Motor Insurance Total Loss Claim in India: How Insurers Calculate IDV and How to Dispute It

When a vehicle is so badly damaged that repair costs exceed a certain threshold — or when it is stolen and not recovered — the insurer declares it a “total loss” and settles the claim based on the vehicle's Insured Declared Value (IDV). The IDV is supposed to represent the vehicle's market value. In practice, insurers frequently calculate IDV in ways that undervalue the vehicle, and policyholders accept settlements they should dispute.
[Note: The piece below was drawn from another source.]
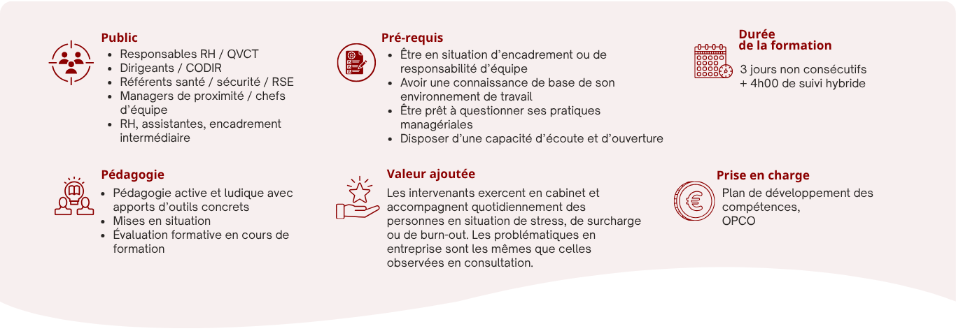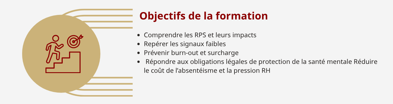 Elle permet aux managers de mieux comprendre les mécanismes de la santé mentale, de repérer les signaux faibles et d’adopter une posture adaptée face aux situations sensibles, tout en contribuant à une culture de prévention durable au sein de l’entreprise.

What IDV is and how it is calculated

IDV is defined under the India Motor Tariff as the manufacturer's listed selling price of the vehicle at the time of policy inception, minus depreciation applied on a schedule set by IRDAI. The depreciation schedule is:

  • Up to 6 months old: 5%
  • 6 months to 1 year: 15%
  • 1 to 2 years: 20%
  • 2 to 3 years: 30%
  • 3 to 4 years: 40%
  • 4 to 5 years: 50%
  • Over 5 years: negotiated between insurer and policyholder

For vehicles older than 5 years, the IDV is agreed at the time of policy renewal — and this agreed figure is what the insurer must pay on a total loss, not a retrospective downward revision.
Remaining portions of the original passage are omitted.